Please set down only the lines running from the one with "粗野感がある生地と、やわらか" through the last line of the entries, exactly as written and without any pictures.
### Excerpted data ###
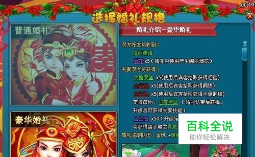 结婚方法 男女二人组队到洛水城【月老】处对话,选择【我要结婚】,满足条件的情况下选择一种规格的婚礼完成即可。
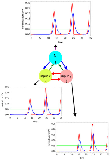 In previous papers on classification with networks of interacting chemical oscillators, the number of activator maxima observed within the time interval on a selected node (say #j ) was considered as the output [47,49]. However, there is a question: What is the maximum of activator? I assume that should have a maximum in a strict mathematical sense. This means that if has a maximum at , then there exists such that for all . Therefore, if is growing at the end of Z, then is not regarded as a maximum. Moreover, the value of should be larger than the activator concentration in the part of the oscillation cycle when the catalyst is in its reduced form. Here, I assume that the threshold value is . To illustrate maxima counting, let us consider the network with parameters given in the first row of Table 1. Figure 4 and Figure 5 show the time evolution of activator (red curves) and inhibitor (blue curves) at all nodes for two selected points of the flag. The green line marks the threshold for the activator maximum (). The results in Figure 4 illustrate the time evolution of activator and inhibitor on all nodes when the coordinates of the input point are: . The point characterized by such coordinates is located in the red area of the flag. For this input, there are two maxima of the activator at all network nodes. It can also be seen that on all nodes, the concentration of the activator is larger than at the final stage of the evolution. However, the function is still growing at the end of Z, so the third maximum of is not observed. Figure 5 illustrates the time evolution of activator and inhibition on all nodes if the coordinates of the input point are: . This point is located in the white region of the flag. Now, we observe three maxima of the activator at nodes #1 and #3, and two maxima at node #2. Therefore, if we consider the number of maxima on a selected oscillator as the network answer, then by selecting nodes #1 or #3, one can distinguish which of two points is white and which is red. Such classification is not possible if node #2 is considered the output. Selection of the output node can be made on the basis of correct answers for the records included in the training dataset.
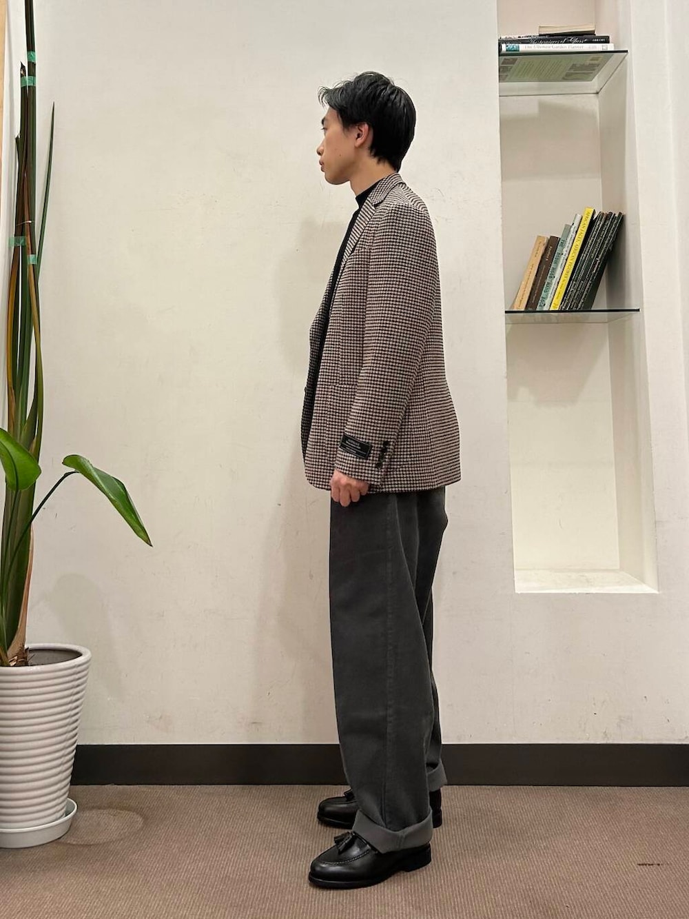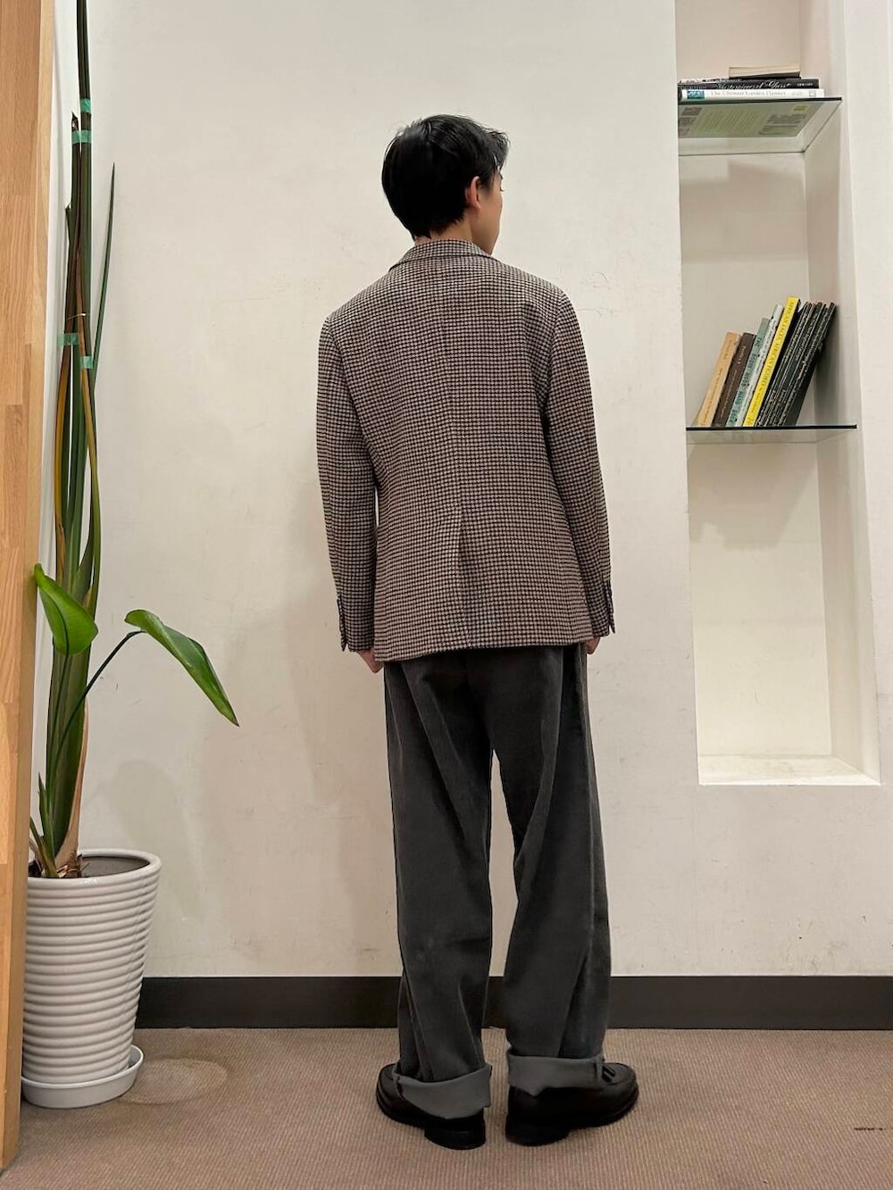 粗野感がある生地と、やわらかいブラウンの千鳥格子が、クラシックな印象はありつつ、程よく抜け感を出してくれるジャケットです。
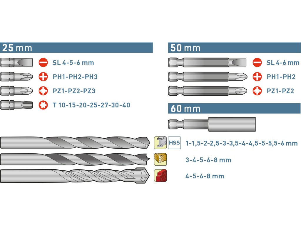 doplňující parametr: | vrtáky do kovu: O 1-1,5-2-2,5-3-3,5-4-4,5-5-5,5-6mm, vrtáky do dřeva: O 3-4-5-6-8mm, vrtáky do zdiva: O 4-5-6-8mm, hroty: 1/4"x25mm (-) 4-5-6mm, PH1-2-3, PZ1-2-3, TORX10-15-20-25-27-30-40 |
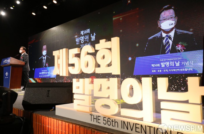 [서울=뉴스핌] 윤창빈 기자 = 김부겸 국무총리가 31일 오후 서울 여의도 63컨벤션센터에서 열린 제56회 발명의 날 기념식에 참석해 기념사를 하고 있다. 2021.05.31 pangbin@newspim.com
###
_Output for this exercise:_
 粗野感がある生地と、やわらかいブラウンの千鳥格子が、クラシックな印象はありつつ、程よく抜け感を出してくれるジャケットです。
 doplňující parametr: | vrtáky do kovu: O 1-1,5-2-2,5-3-3,5-4-4,5-5-5,5-6mm, vrtáky do dřeva: O 3-4-5-6-8mm, vrtáky do zdiva: O 4-5-6-8mm, hroty: 1/4"x25mm (-) 4-5-6mm, PH1-2-3, PZ1-2-3, TORX10-15-20-25-27-30-40 |
 [서울=뉴스핌] 윤창빈 기자 = 김부겸 국무총리가 31일 오후 서울 여의도 63컨벤션센터에서 열린 제56회 발명의 날 기념식에 참석해 기념사를 하고 있다. 2021.05.31 pangbin@newspim.com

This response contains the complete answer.